Minneapolis police were called, and Hill was issued a trespass notice by a security guard, barring her from the property for a year.

"To me it was a pretty big victory," Hill said of the settlement. "Basically, it kind of shows that we can chalk in Minneapolis on sidewalks, and hopefully we are not going to be harassed outside the federal buildings anymore."

However, City Attorney Susan Segal said Tuesday that it was no big deal. "Melissa Hill was never criminally charged," she said, and the city is a defender of First Amendment rights. Segal said police do not arrest people for chalking on the sidewalk, even though it has happened repeatedly, especially in the past couple of years outside City Hall.

"I know when my children were small they chalked on city sidewalks outside our house," Segal said.

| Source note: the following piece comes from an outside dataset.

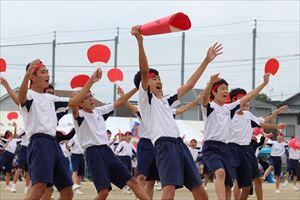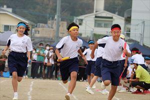 コロナ禍の様々な制限の中、保護者や地域の方々のご理解とご協力を得て、280名の生徒の団結と笑顔で一生懸命に競技する姿が印象的なすばらしい体育大会を開催することができました。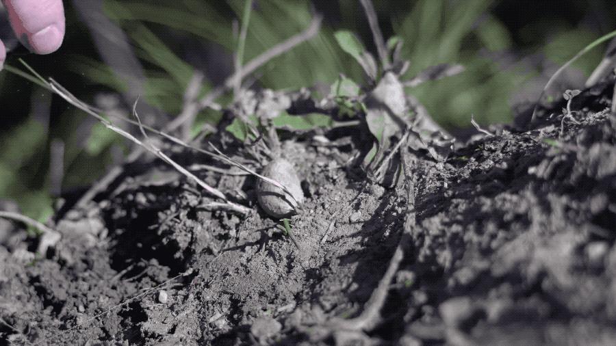 首先小伙把捡来的石英石敲碎,得到二氧化硅颗粒。

"We agreed to pay $999 so as not to have to deal with this anymore," she said. The federal government chipped in $1,000 and DECO, the security guard service, paid $3,000, all of which will go to the ACLU.

Jaqueline Yost, a spokeswoman for the Federal Protective Service in Washington, said she was unaware of the settlement and referred questions to the U.S. attorney's office in Minneapolis, which is declining to speak to the media because of the federal government shutdown. In 2012, Hill won a $15,000 settlement from Hennepin County after she was issued a trespass notice by the Sheriff's Office for writing slogans in chalk on the Hennepin County Government Center plaza during the Occupy protests in the fall of 2011.

Cam Gordon, the Second Ward council member, said he was delighted with Hill's latest settlement. "A lot of us felt this [chalking] was absolutely harmless," he said. "It should be OK to express free speech and even play hopscotch."